A few weeks later, I was bobbing about in my new wetsuit close to the wee islands on Loch Chon in mid autumn with the Loch side trees turning more shades of red than an auburn haired girl, with a ruby ring and pastel rouge nail polish, painting a scarlet rusty car with a large Coca Cola sign in back ground….(you get the picture….). The water temperature was close to 9 degrees so was quite comfortable with no need for boots or gloves. The sky was grey overcast, the leaves on the trees were still there was not a breath of wind. I remember the scene vividly floating with my chin in the water and my mouth above. My arms and legs resembled the tree limbs by staying stationary. I was marveling at the perfect buoyancy of the my new wet suit. It was like the time we visited one of my friends in hospital and we spent an hour adjusting the neutral buoyancy of helium balloons to float in circles round her bed. It started raining large drops like small pebbles falling straight down, they were bouncing higher than my goggles, the soft put popping noises like a watery glockenspiel with expanding circles of ripples all combined to feel like an aboriginal blessing. (I stole this phrase from really nice guy we met in the Olgas, I offered the wrong couple the spare bed that night and would like to apologise to him.)

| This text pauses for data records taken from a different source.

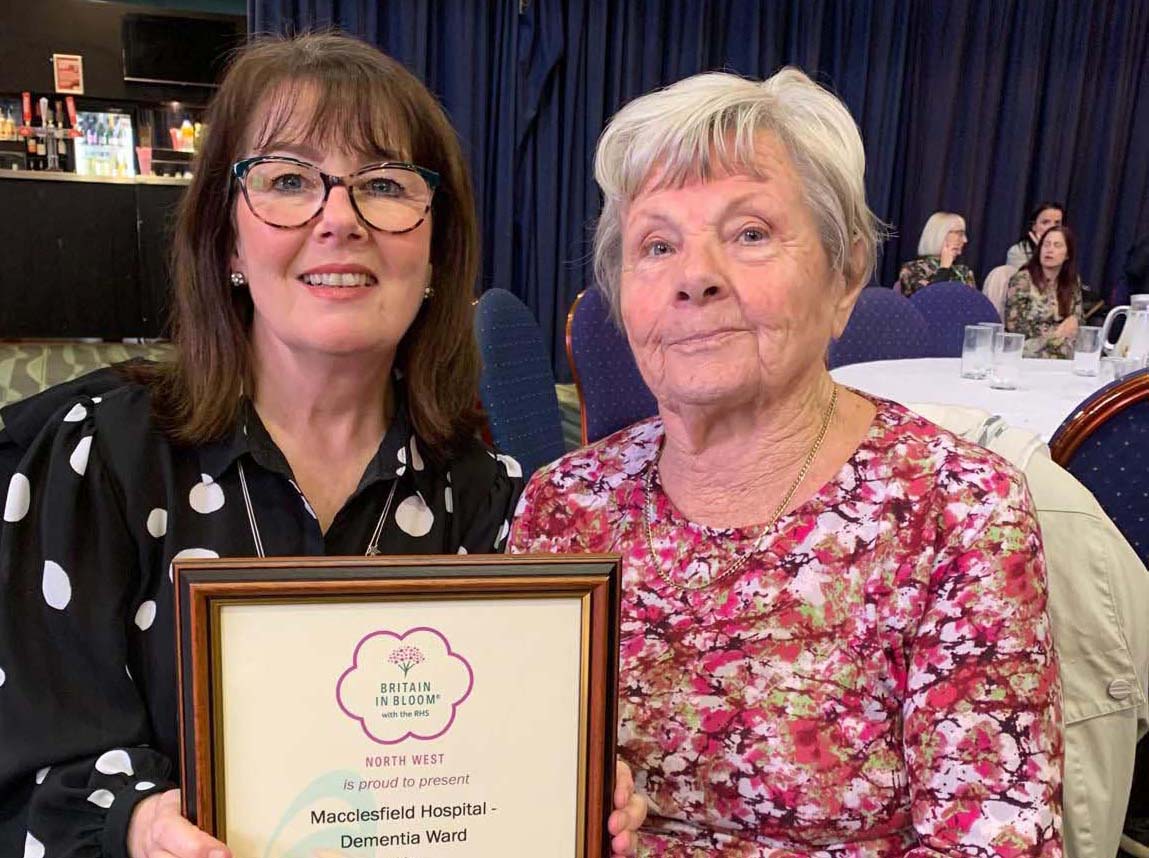 Staff and volunteers were celebrating after the dementia garden on ward nine at Macclesfield District General Hospital won silver at the recent North West in Bloom Awards.
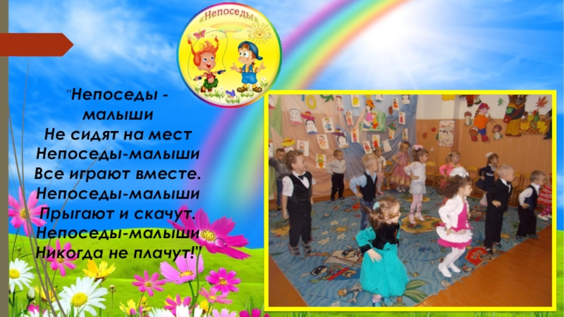 Слайд 4 "Непоседы - малыши  Не сидят на мест  Непоседы-малыши  Все играют вместе.  Непоседы-малыши  Прыгают и скачут.  Непоседы-малыши  Никогда не
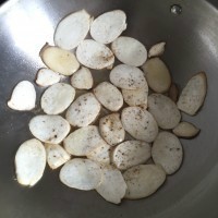 3. 开始杏鲍菇会出水,待水稍干后,撒上黑胡椒、白胡椒
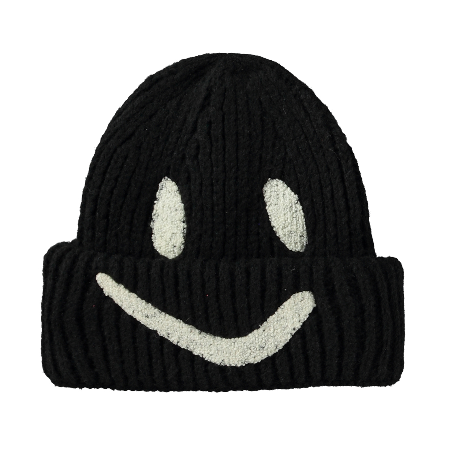 Ribbstickad mössa i svart med uppvik och broderad smiley i vitt.
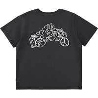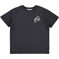 Svart T-shirt i ekologisk bomull med korta ärmar och ribbad halsringning. T-shirten har en lös passform med vit brodyr.
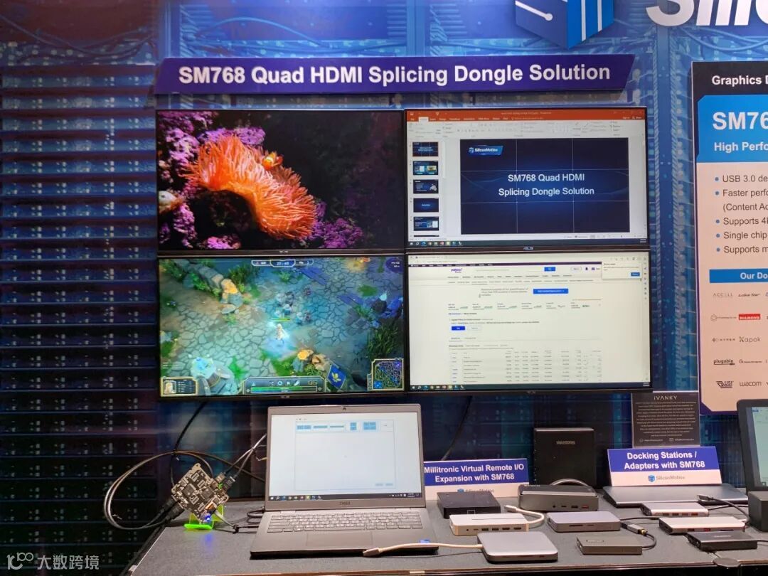 慧荣科技的SM768图形显示芯片能够为轻薄笔记本所使用的拓展坞提供高性能图形、低功耗等优势,使其轻松连接到多个4K显示器。SM768提供双显示通道并支持多个输出接口,包括 HDMI、DisplayPort、DVI、VGA、LVDS 和数字接口,支持硬件解码,通过USB 3.0接口连接即可实现最高4K30p画面显示。无论是工作还是娱乐,都能享受到超大视野和超高清晰度的画面。
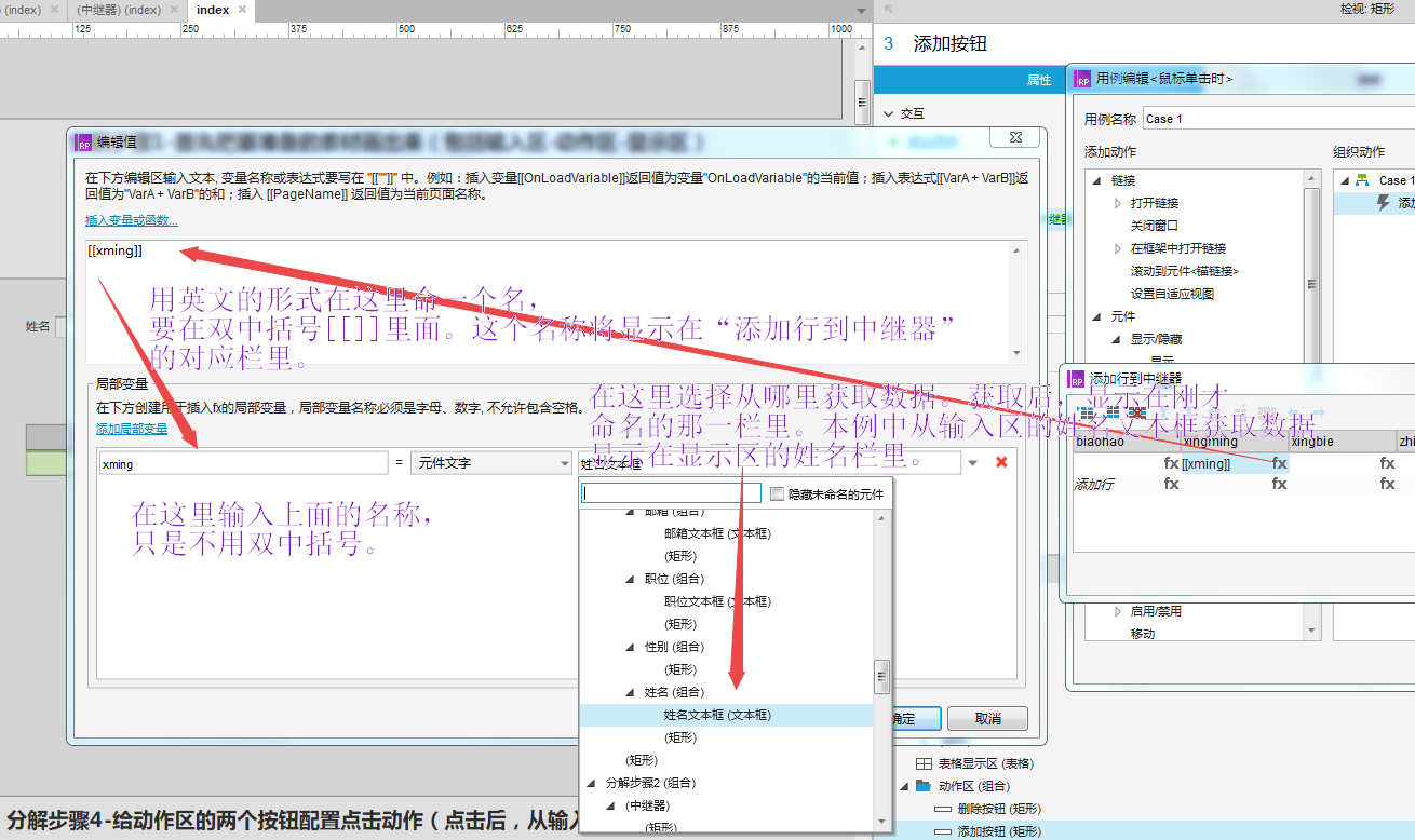 在“添加行到中继器”的弹框中,从“xingming”栏起,到“youxiang”栏,分别点击“fx”,在弹出的“编辑器”中,在第一个输入框里命个名比如:[[xming]],在第二个输入框中也输入相同的名称,只是去掉双中括号。然后选择“元件文字”(如果后面的数据是下拉选择的,则在这里要选择“被选项”),在最后一个输入框中选择输入区的某个文本框(数据的输入位置)。
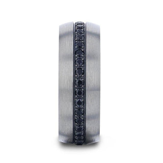 BOURBON Black Zirconium Ring with Whiskey Barrel Wood Inlay and Black Sapphires - 8mm
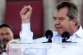 Master Gunnery Sergeant Kevin Benear sings the National Anthem at the 2026 White House Easter Egg Roll, hosted by United States President Donald J Trump and first lady Melania Trump, on the South Lawn of the White House in Washington, DC, USA, on Monday, April 6, 2026. President Trump salutes at center.It is an annual tradition that began in 1878 during the administration of US President Rutherford B Hayes. AARON SCHWARTZ/CNP/PI
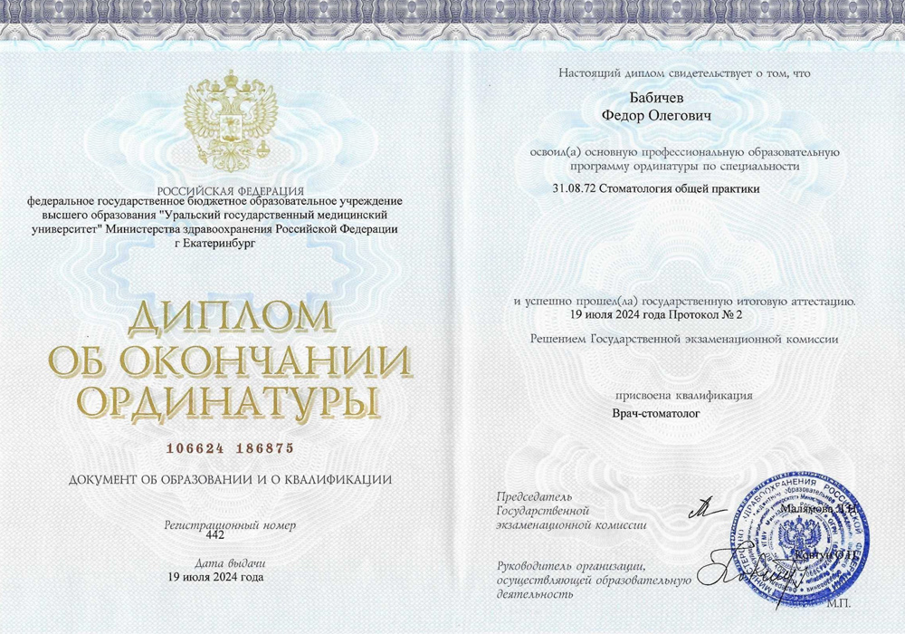 2024 г. - Ординатура в Уральском государственном медицинском университете по специальности «Стоматология общей практики».

I still want to push my limits, find out how far and how cold I can get, but as the temperatures increase I will take off my boots and glove but I think I will keep my wet suit on when swimming solo which is 98% of the time. I would take the “aboriginal blessing rubber suit bloke” to “natural panic drowning feeling of trunk boy” everyday. It might be because I have to much to lose or I’m just to old or I really do enjoy my life so why fling away it for uncontrollable hands.